### Data shown
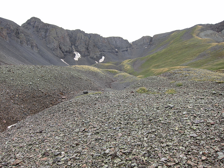 UN 13795 is upper left, the ascent gully, with snowbanks at the top, is straight ahead. We stayed on the grass to reach the ridgeline instead.
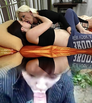Curvy granny and steamy blonde beauty make out it kinky lezzie couple
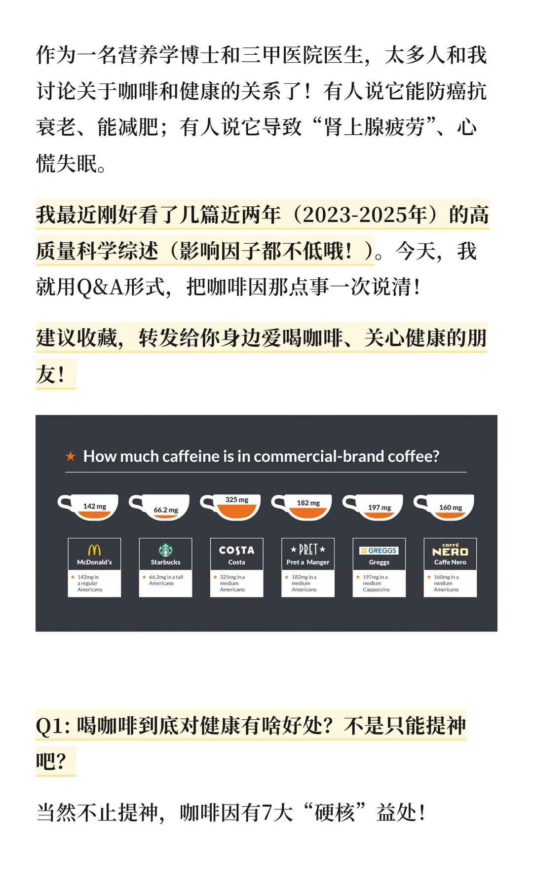 有没有发现近几年越来越多人喝咖啡? 我们上周开科会,就说打算做一项关于咖啡与节律性的研究(很有意思!)。 在不同的时间喝咖啡可能会导致不同的outcomes。 而且每个人对咖啡因的反应也是不一样的,有的人喝咖啡会心悸手抖,喝很多茶却不会。 你喝咖啡吗?一天喝多少杯? 不同品牌的咖啡豆咖啡因差别也很大,你最喜欢喝哪家的咖啡?
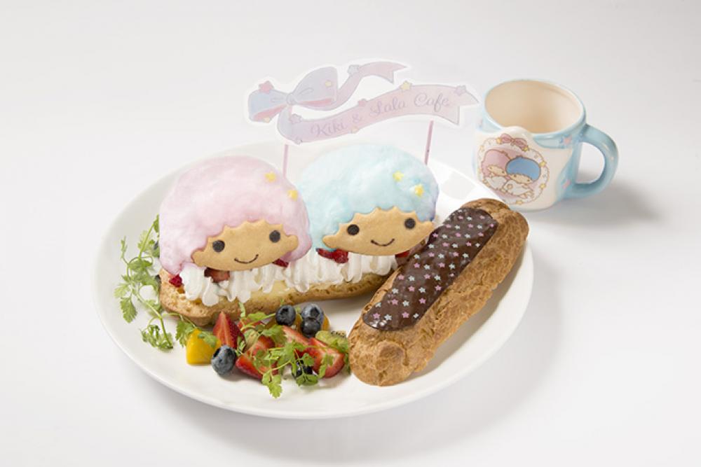 カフェ店内では今年で誕生40周年のサンリオキャラクター「リトルツインスターズ(キキ&ララ)」をモチーフとした、ワクワクして楽しくなるようなオリジナルメニューが勢ぞろい。
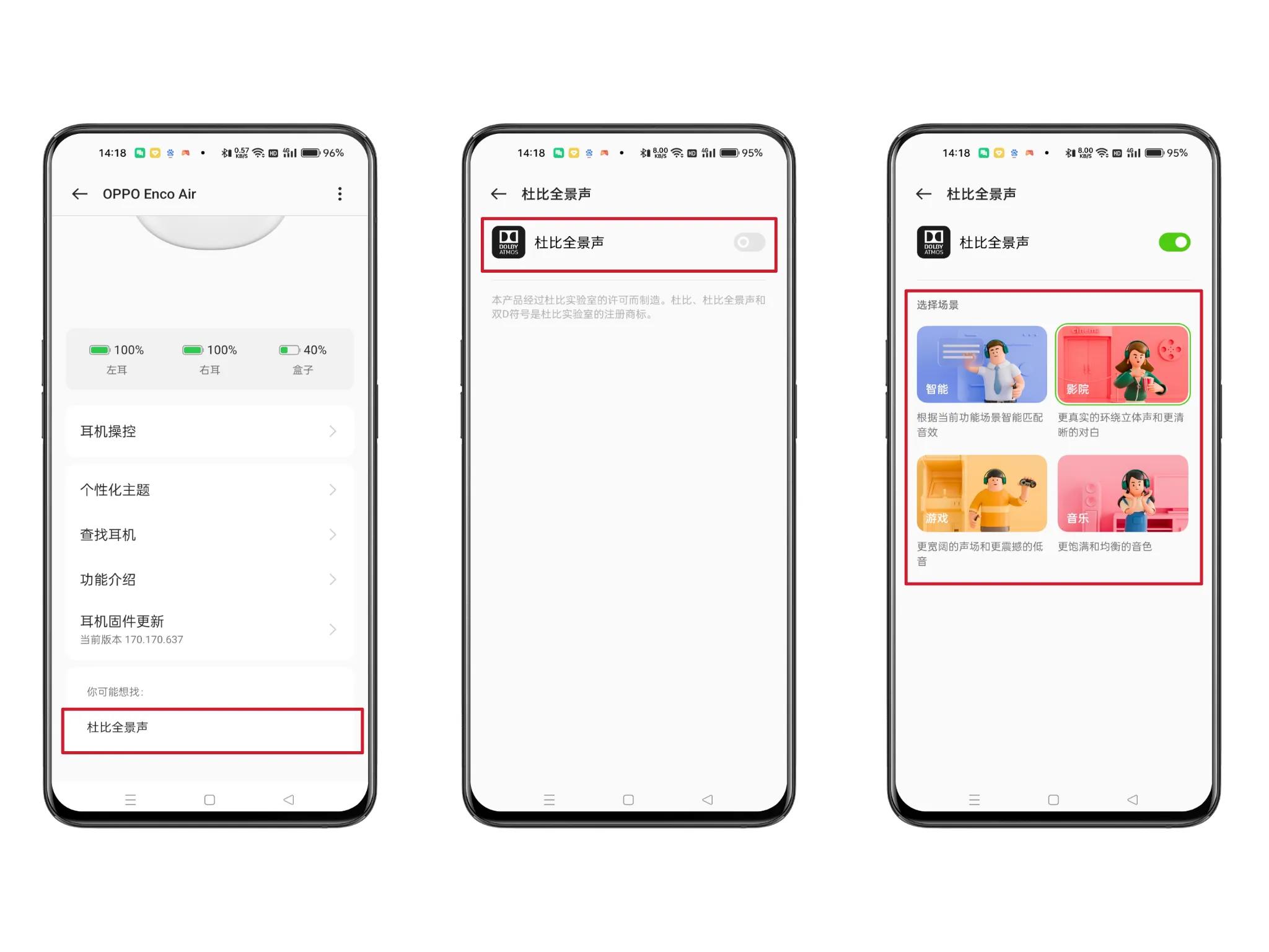 20、点击【杜比全景声】进入,可以开启【杜比全景声】功能,还能根据使用习惯选择不同的场景,比如【智能】/【影院】/【游戏】/【音乐】。
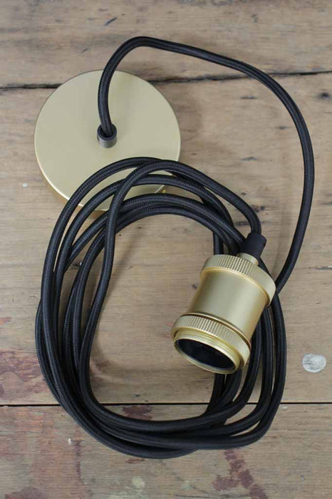 - Gold brass option features a gold brass metal lampholder, shade ring and a ceiling rose with a black braided cord.
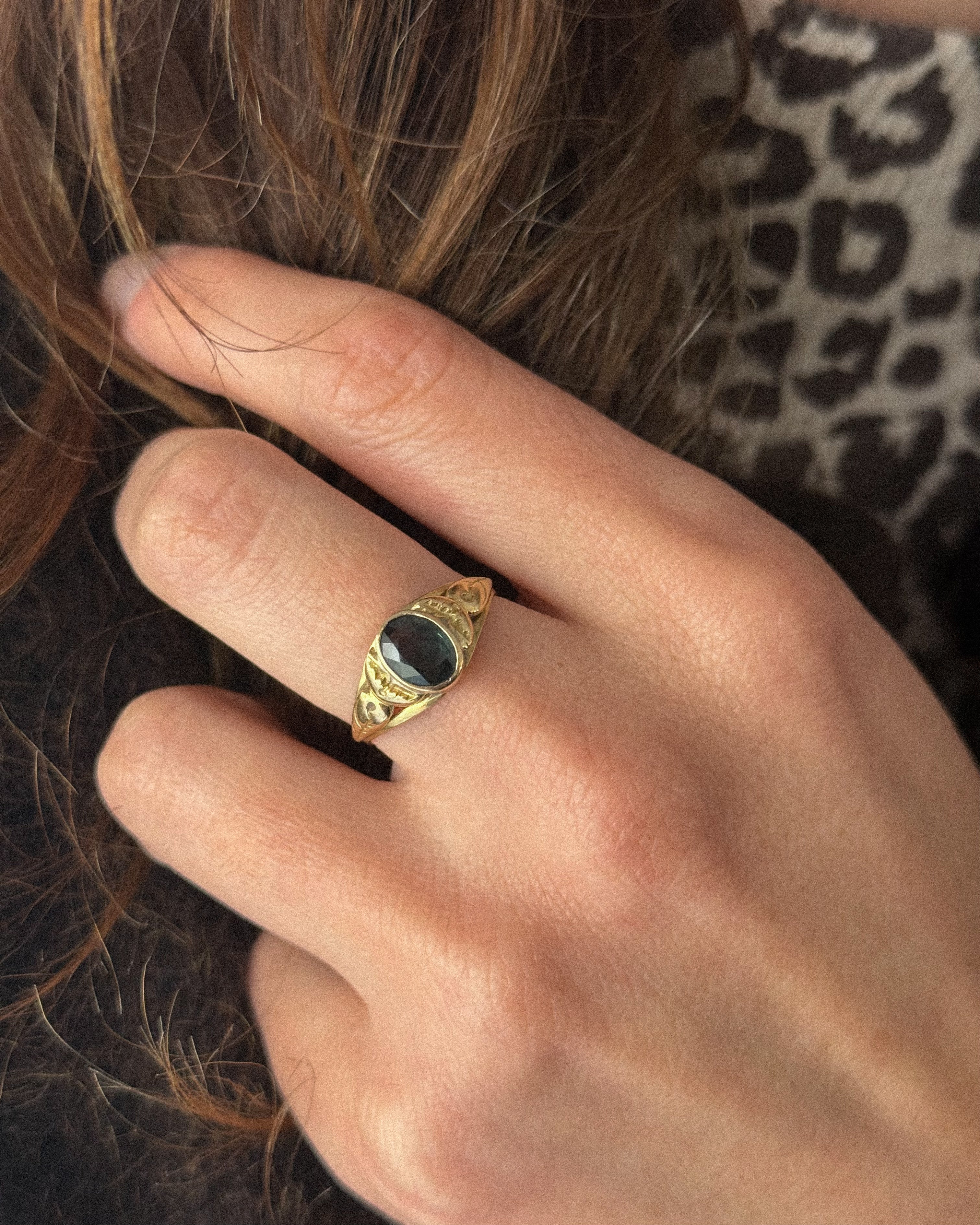 Freya est une pièce unique, précieuse à plus d’un titre : par son histoire, son travail d’orfèvrerie, et le choix exigeant de sa pierre. Elle s’adresse à celles qui aiment les bijoux anciens restaurés avec respect, et qui recherchent une beauté singulière, à fleur de peau.
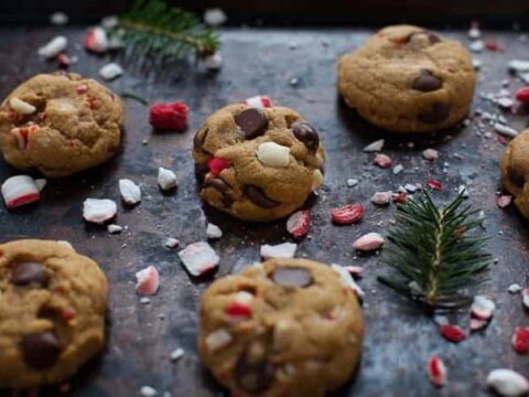 Delicious treats for the holidays! These easy peppermint dark chocolate chip cookies are made with whole-wheat flour and are perfectly festive for a holiday cookie swap!
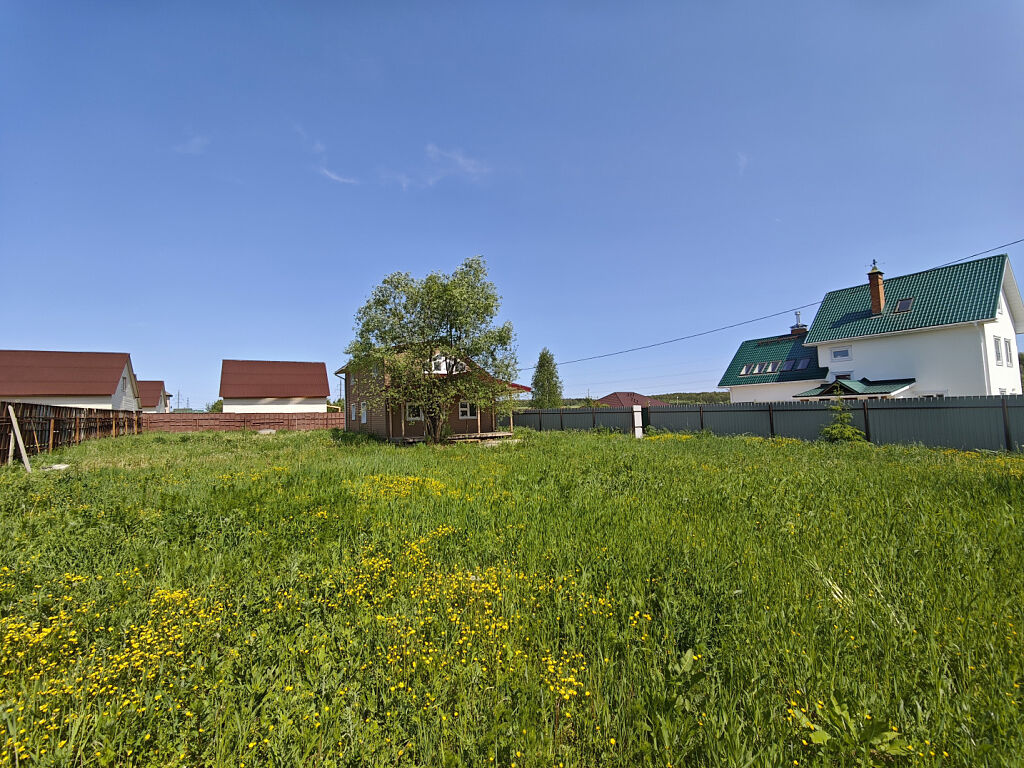 Участок, площадью 10 соток, ровный, огорожен с четырех сторон забором.
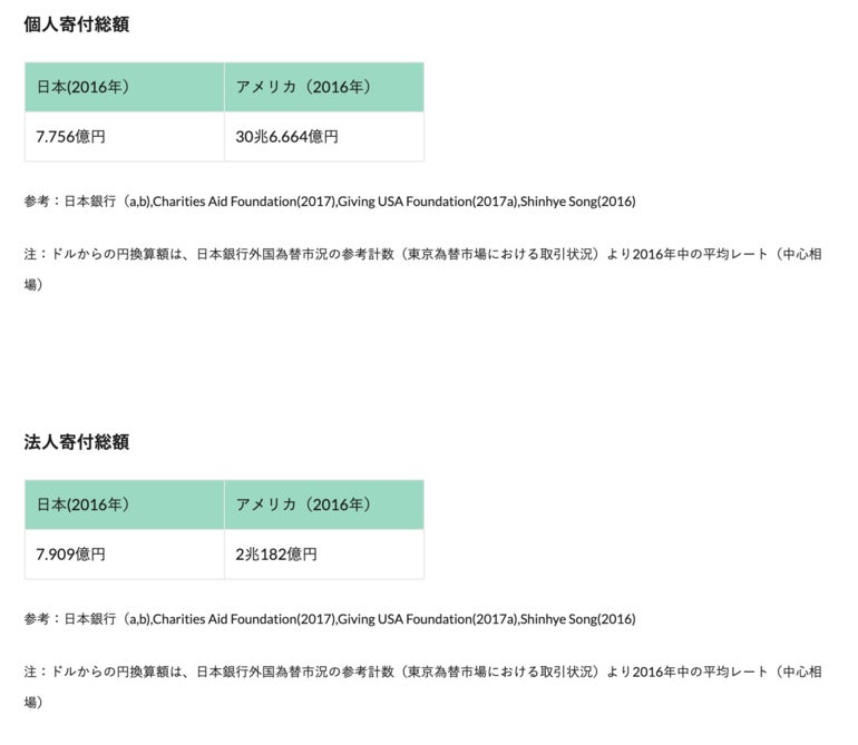 個人と企業に分けてみてみると、日本では個人寄付は7.756億円、法人寄付7.909億円。一方、アメリカは個人寄付30兆9,920億円、法人寄付2兆182億円になってます。 アメリカでは法人からの寄付よりも、一人ひとりの寄付額が多いのです。

### Work to be completed
Make an exact copy of the records above. Keep out every picture.

### Exercise result
 UN 13795 is upper left, the ascent gully, with snowbanks at the top, is straight ahead. We stayed on the grass to reach the ridgeline instead.
Curvy granny and steamy blonde beauty make out it kinky lezzie couple
 有没有发现近几年越来越多人喝咖啡? 我们上周开科会,就说打算做一项关于咖啡与节律性的研究(很有意思!)。 在不同的时间喝咖啡可能会导致不同的outcomes。 而且每个人对咖啡因的反应也是不一样的,有的人喝咖啡会心悸手抖,喝很多茶却不会。 你喝咖啡吗?一天喝多少杯? 不同品牌的咖啡豆咖啡因差别也很大,你最喜欢喝哪家的咖啡?
 カフェ店内では今年で誕生40周年のサンリオキャラクター「リトルツインスターズ(キキ&ララ)」をモチーフとした、ワクワクして楽しくなるようなオリジナルメニューが勢ぞろい。
 20、点击【杜比全景声】进入,可以开启【杜比全景声】功能,还能根据使用习惯选择不同的场景,比如【智能】/【影院】/【游戏】/【音乐】。
 - Gold brass option features a gold brass metal lampholder, shade ring and a ceiling rose with a black braided cord.
 Freya est une pièce unique, précieuse à plus d’un titre : par son histoire, son travail d’orfèvrerie, et le choix exigeant de sa pierre. Elle s’adresse à celles qui aiment les bijoux anciens restaurés avec respect, et qui recherchent une beauté singulière, à fleur de peau.
 Delicious treats for the holidays! These easy peppermint dark chocolate chip cookies are made with whole-wheat flour and are perfectly festive for a holiday cookie swap!
 Участок, площадью 10 соток, ровный, огорожен с четырех сторон забором.
 個人と企業に分けてみてみると、日本では個人寄付は7.756億円、法人寄付7.909億円。一方、アメリカは個人寄付30兆9,920億円、法人寄付2兆182億円になってます。 アメリカでは法人からの寄付よりも、一人ひとりの寄付額が多いのです。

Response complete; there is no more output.